A Srebrenica, on tombe d'abord sur une mosquée sommaire, un toit d'une vingtaine de mètres de côté posé sur quatre pilotis. Et autour de cette mosquée un mur circulaire détaille, scène bien trop familière à travers le monde, les noms des milliers de victimes et leur date de naissance. Enfin au-delà, sur plusieurs milliers de mètres carré, les tombes de marbre blanc des victimes, chacune portant cette sourate en serbo-croate et en anglais : « Et ne dites pas de ceux qui sont tués dans le sentier de Dieu qu'ils sont morts. Au contraire ils sont vivants, mais vous en êtes inconscients ». Le conflit bosno-serbe a été mené sur des lignes de partage héritées de l'empire ottoman, qui seul reconnaissait la religion comme nationalité, d'où les confusions qui durent jusqu'à ce jour. C'est à cause de cela que la Yougoslavie titiste avait éradiqué, avec un succès hélas provisoire, la religion ainsi que sa pratique. En 1995, même si les uns et les autres brandissaient leur foi pour massacrer leurs voisins, la pratique religieuse était encore inexistante et elle le reste aujourd'hui, en dépit de la taille des croix et de l'épaisseur des barbes. Mais on a gravé dans le marbre que ces milliers de victimes sont tombées « dans le sentier de Dieu ». Or d'Allah, qu'en savait-il, le petit garçon de 14 ans abattu sauvagement puis jeté dans une fosse, si jamais on ne lui en avait parlé, s'il n'avait jamais fréquenté de mosquée, si ses parents ne mentionnaient jamais le nom de dieu dans sa maison ?
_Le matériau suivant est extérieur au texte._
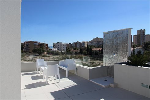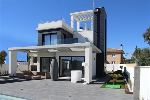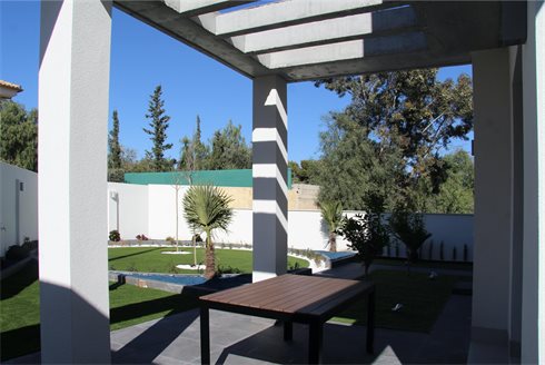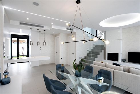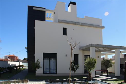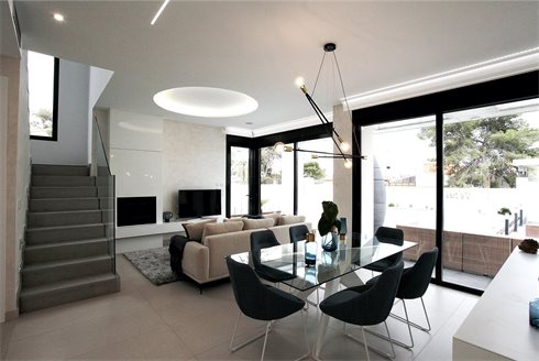 Modern villa in El Campello, located near the beach in the north of the Costa Blanca region. The villa includes a spacious living room with an open kitchen, 3 bedrooms, 3 bathrooms, a cozy terrace overlooking the garden and a private swimming pool. The house has a basement that can be converted into a gym, sauna, games room, home theater, or extra bedroom. Built on plots from 470 m2 to 485 m2.

On parcourt du regard ces milliers de petits monuments de marbre blanc. Et puis, c'est tout. On cherche en vain des explications, des cartes, des textes, une explication historique. Ou au moins le poème déchirant d'un sage bosniaque du 17e siècle, une phrase d'Ivo Andric, quelque chose qui mettrait des mots sur l'indicible. Ou un monument qui concentre dans ses formes les sentiments qu'un tel lieu et qu'une telle histoire doivent inspirer, qui nous aide à expulser de notre poitrine les images épouvantables qu'une telle visite peut susciter. Mais rien, on en sort comme on sort d'un parking, d'un cinéma, on pense à ses clés et on se demande où l'on pourra déjeuner. On est ici dans le domaine de la statistique et de la politique : 11 juillet 1995 – 8372 morts – Génocide. Au revoir et n'oubliez pas d'acheter un souvenir en partant. Ce monument qui doit parler au monde entier de ce qui s'est passé sur ces terres est un handicapé émotionnel et muet. Il n'est pas minimaliste et apaisé, il est silencieux et irrésolu.
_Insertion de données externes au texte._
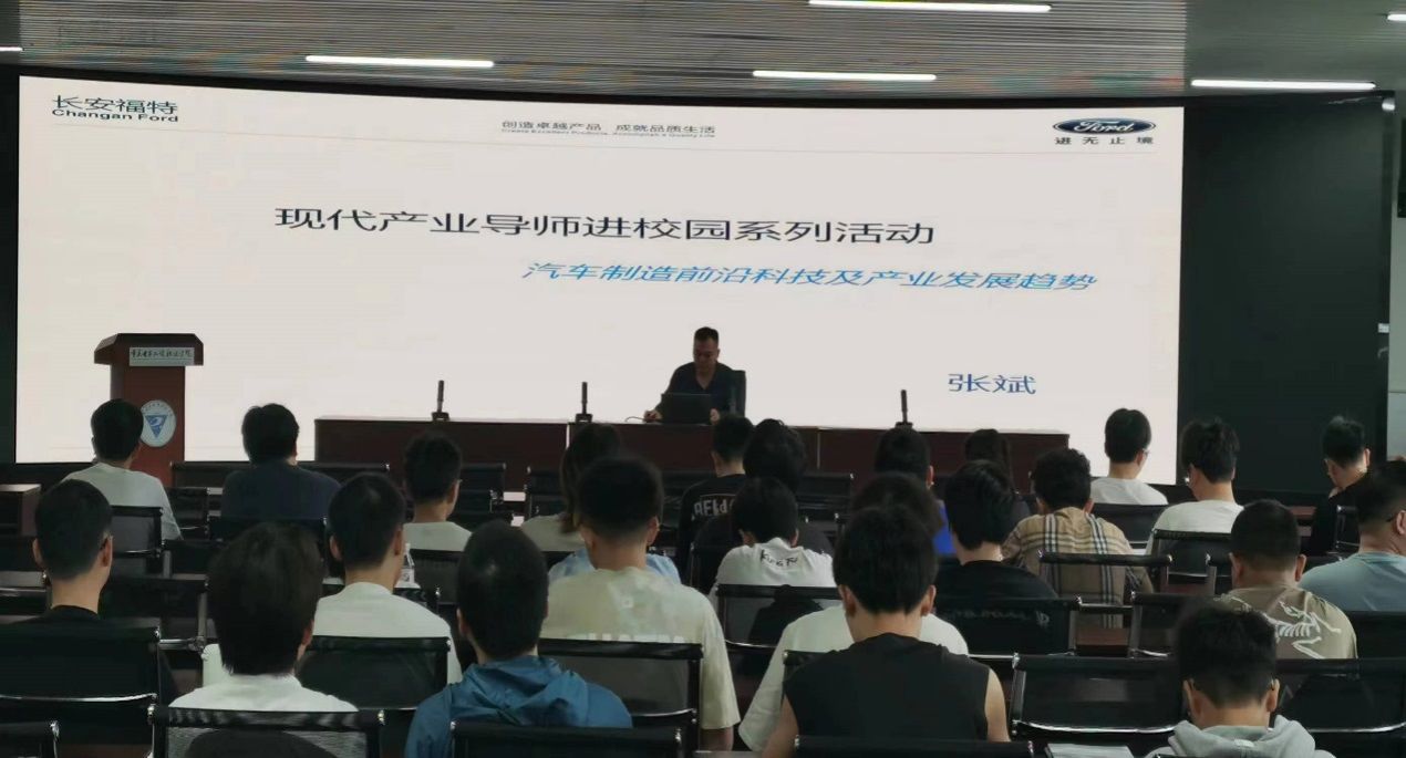重庆长安汽车股份有限公司两江工厂汽车装调高级技师张传华,为23级汽车制造专业的4个班学生分享了长安汽车股份有限公司的发展历程成长个人经历。

Si l'on veut, on reprend la voiture et on fait les cinq kilomètres qui séparent le cimetière du village même de Srebrenica. Et c'est là, enfin, que l'émotion m'a étreint. Une colère honteuse. Srebrenica est une ville martyre à double titre : pour ce qui s'y déroulé, et pour l'indigne abandon auquel les autorités internationales et locales ont condamné les survivants. Tout est en ruine, sale, décomposé par le soleil et la poussière, par l'inaction et le poids d'un souvenir insupportable. Les visages qu'on croise vous regardent avec la lassitude de ceux qui savent que nous n'offrirons rien, que nous les regardons et que nous repartirons le plus vite possible, les laissant à leur misère et leur terrible condition de vivants, dans une terre où il est préférable d'être mort.